"""
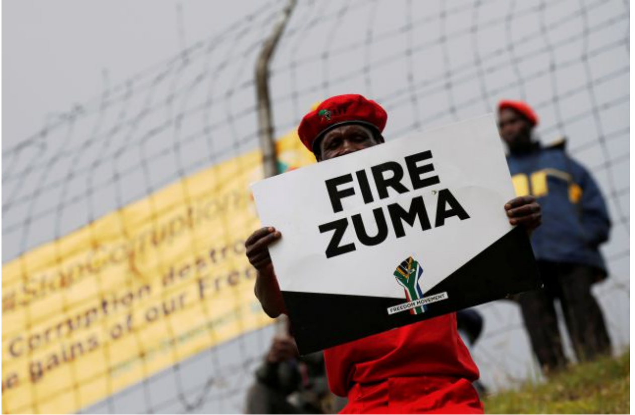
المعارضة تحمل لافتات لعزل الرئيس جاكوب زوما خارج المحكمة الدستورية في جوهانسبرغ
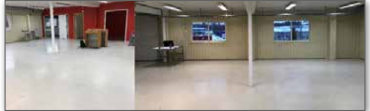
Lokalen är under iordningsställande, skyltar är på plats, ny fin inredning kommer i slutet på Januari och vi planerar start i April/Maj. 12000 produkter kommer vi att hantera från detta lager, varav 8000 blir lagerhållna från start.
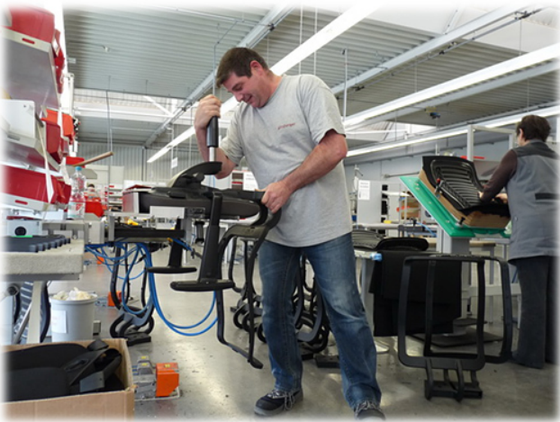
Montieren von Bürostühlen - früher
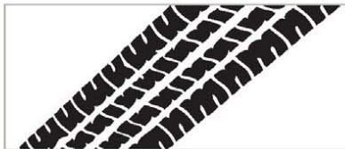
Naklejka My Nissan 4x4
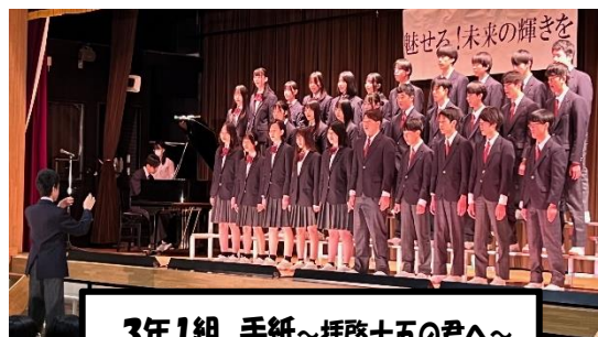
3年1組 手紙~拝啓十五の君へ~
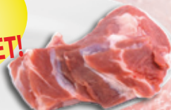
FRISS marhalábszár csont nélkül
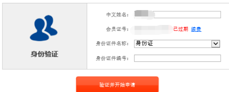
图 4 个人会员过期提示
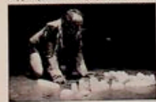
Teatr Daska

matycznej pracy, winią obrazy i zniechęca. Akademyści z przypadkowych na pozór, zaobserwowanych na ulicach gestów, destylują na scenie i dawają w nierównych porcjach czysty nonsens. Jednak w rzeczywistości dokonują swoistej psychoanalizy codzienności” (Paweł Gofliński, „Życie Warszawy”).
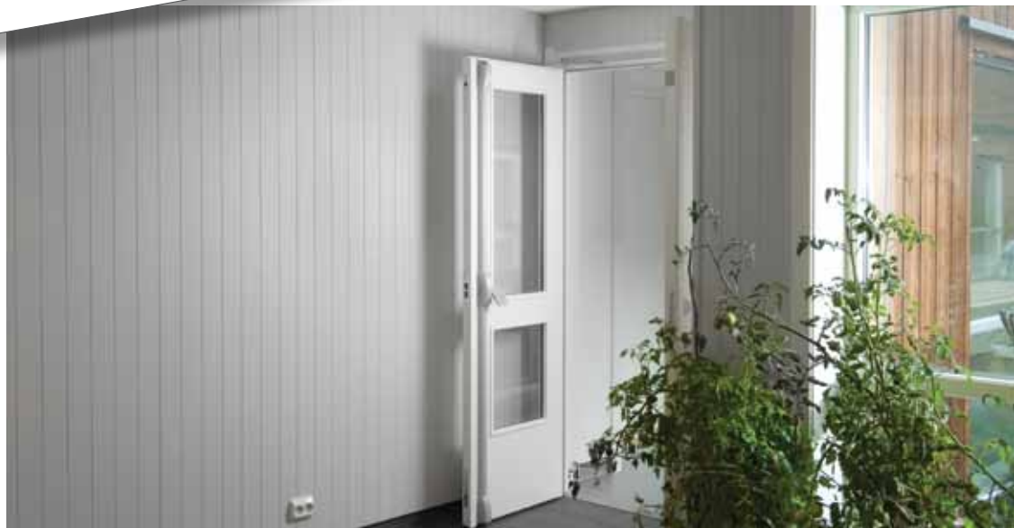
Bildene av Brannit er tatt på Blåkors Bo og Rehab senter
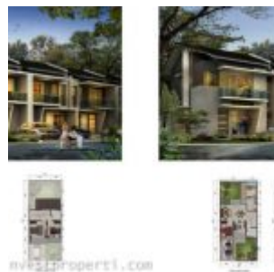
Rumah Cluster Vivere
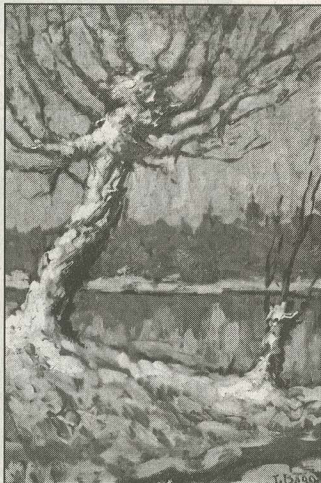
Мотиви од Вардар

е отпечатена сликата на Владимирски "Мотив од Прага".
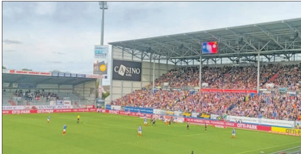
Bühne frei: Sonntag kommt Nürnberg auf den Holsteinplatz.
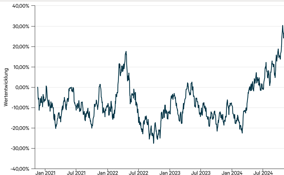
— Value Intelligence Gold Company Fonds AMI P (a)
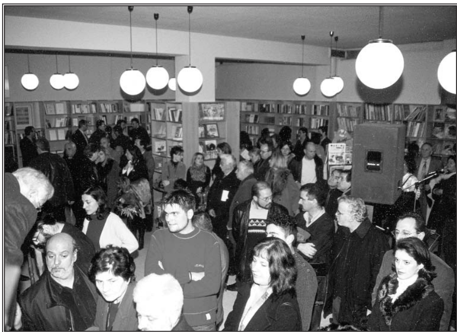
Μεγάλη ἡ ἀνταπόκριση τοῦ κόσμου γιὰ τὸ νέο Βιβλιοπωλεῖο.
"""
"""
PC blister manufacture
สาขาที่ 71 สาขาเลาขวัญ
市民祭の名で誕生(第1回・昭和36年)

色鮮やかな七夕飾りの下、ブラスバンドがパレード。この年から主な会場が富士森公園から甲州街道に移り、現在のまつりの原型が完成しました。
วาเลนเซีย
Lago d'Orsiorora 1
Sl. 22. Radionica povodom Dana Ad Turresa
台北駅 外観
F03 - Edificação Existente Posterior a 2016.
"""
## Task goal
Look back at the data above. Transcribe exactly the lines starting at the line that contains "Sl. 22. Radionica povodom Dana Ad Turresa" and ending at the line that contains "F03 - Edificação Existente Posterior a 2016.".

## Response below
Sl. 22. Radionica povodom Dana Ad Turresa
台北駅 外観
F03 - Edificação Existente Posterior a 2016.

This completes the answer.